Those billions are just part of the Suharto wealth. Though the Asian financial crisis has trimmed the family empire considerably, the former President and his children retain a staggering fortune. It was built over three decades from a skein of companies, monopolies and control over vast sectors of economic activity in Indonesia--from oil exports to humble pilgrims making the yearly visit to Mecca. (They flew on planes leased from companies controlled by Suharto's children.) According to data from the National Land Agency and Properti Indonesia magazine, the Suharto family on its own or through corporate entities controls some 3.6 million hectares of real estate in Indonesia, an area larger than Belgium. That includes 100,000 sq m of prime office space in Jakarta and nearly 40% of the entire province of East Timor.

Within Indonesia, the six Suharto offspring have significant equity in at least 564 companies, and their overseas interests include hundreds of other firms, scattered from the U.S. to Uzbekistan, the Netherlands, Nigeria and Vanuatu. The Suhartos also possess plenty of the trappings of wealth. In addition to a $4 million hunting ranch in New Zealand and a half-share in a $4 million yacht moored outside Darwin, Australia, youngest son
Hutomo Mandala Putra (nicknamed Tommy) owns a 75% stake in an 18-hole golf course with 22 luxury apartments in Ascot, England. Bambang Trihatmodjo, Suharto's second son, has an $8 million penthouse in Singapore and a $12 million mansion in an exclusive neighborhood of Los Angeles, two doors down from rock star Rod Stewart and just up the street from his brother Sigit Harjoyudanto's $9 million home. Eldest daughter Siti Hardiyanti Rukmana may have sold her Boeing 747-200 jumbo jet, but the family's fleet of planes included, at least until recently, a DC-10, a blue-and-red Boeing 737, a Canadian Challenger 601 and a BAC-111. The latter once belonged to the Royal Squadron of Britain's Queen Elizabeth II, according to Dudi Sudibyo, managing editor of Indonesia's Angkasa aerospace magazine.

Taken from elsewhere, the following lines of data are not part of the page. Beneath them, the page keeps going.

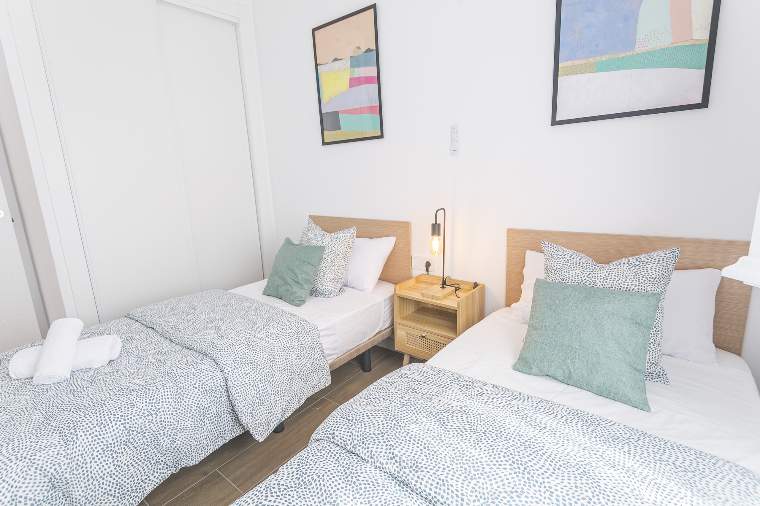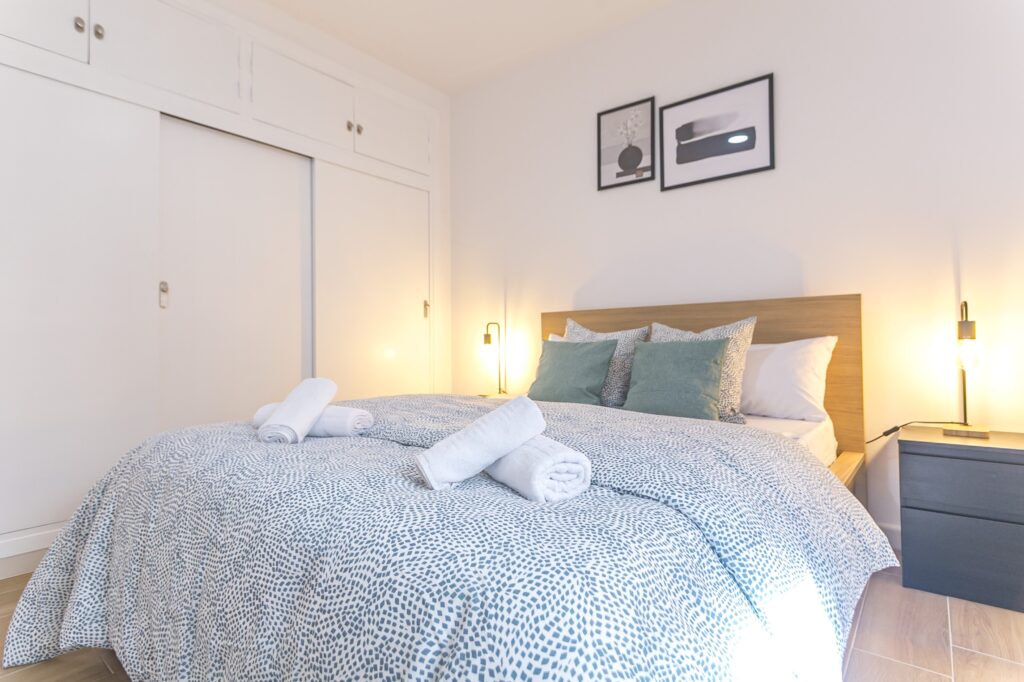 El alojamiento cuenta con 2 dormitorios (uno con cama doble y otro con dos camas individuales), además de un sofá cama en el salón, lo que permite alojar hasta 5 personas. Dispone de 1 baño con ducha, salón-comedor luminoso y una cocina totalmente equipada con lavavajillas, lavadora, microondas y nevera.
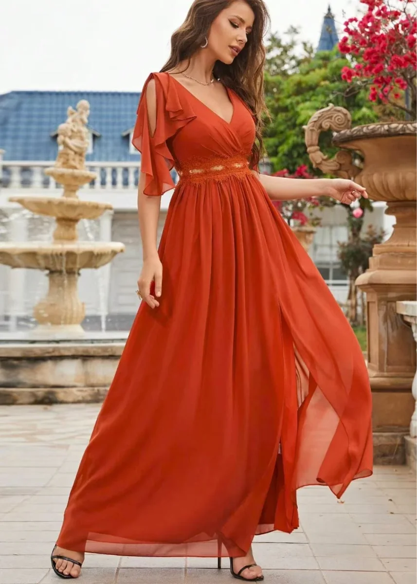 Cette robe est une ode à la liberté et à l’élégance. Sa jupe ample, agrémentée d’une fente latérale subtile, accompagne chacun de tes mouvements avec grâce, te garantissant une allure des plus avantageuses. Les manches courtes fendues et fluides apportent un volume aérien, parfaites pour pour un look à la fois bohème et sophistiqué. Que tu sois demoiselle d’honneur ou invitée, cette robe terracotta incarne le romantisme moderne, et sublime chaque instant de la cérémonie avec justesse.
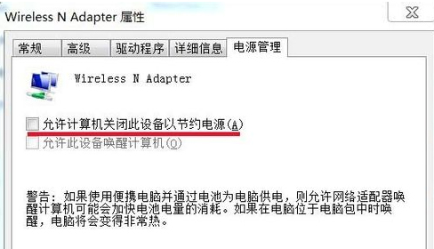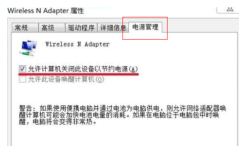 6、在弹出的“{Wireless N Adapter属性”窗口,单击“电源管理”。
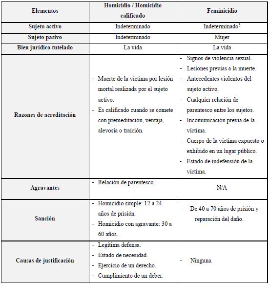 En México, el proceso de construcción del tipo penal feminicidio requirió argumentos para diferenciar un homicidio de un feminicidio. El Observatorio Ciudadano Nacional del Feminicidio (OCNF) sistematizó estas diferencias y las clasificó como elementos normativos, objetivos y de sanción del tipo penal de feminicidio. Estas consideraciones se encuentran ya integradas en el Artículo 325 del Código Penal Federal, para contemplar a los feminicidios como un delito grave. Todo ello fue decretado el 14 de junio de 2012 ( Vargas, 2018). Sin embargo, no fue fácil tipificar habiendo otros tipos penales aparentemente similares. A continuación, presentamos un cuadro comparativo.

Neither Suharto nor his six children responded to requests for interviews, though lawyers for the former President and son Bambang asserted that their clients did nothing illegal. Indeed, no one has proven that the Suhartos broke any laws. Their companies mostly consist of operating entities that turn profits, create jobs and import Western technology. Yet allegations that the former First Family benefited from favoritism, commonly heard in Indonesia since the early 1980s, began to grow louder when the former President resigned. His successor quickly announced an official investigation into such charges. Tommy, the youngest son whose corporate empire at one point included the Lamborghini sports car company, is already in legal jeopardy, facing charges of defrauding a state agency of $11 million in a real estate deal. The South Jakarta district court recently rejected a plea from Tommy's lawyers that he be tried in a civil court and is proceeding with a criminal trial.

In an interview at the State Palace, Habibie told TIME he will not cover up for his former mentor, but he has so far declined to freeze the family's holdings or to follow up on the investigation in any meaningful way. Private asset-tracing firms are excited at the prospect of a Suharto treasure hunt, if only Jakarta would hire them. "In terms of dollars, we think this could be bigger than anything we have ever seen before," says Stephen Vickers, Asia chief for Kroll Associates, which helped investigate the wealth of the Philippines' former President Ferdinand Marcos. "My bags are packed."

The search won't start in earnest unless the man in charge of the government's investigation, Attorney General Andi Muhammad Ghalib, gives the go-ahead. Ghalib, a three-star general in the Indonesian military, told TIME that he has found no evidence that his former supreme commander wrongly acquired state assets. But Ghalib has been moving slowly, and some of his own staff members are not convinced the investigation is serious. In the opinion of an official in the Attorney General's office, "Ghalib is on a mission to protect Suharto."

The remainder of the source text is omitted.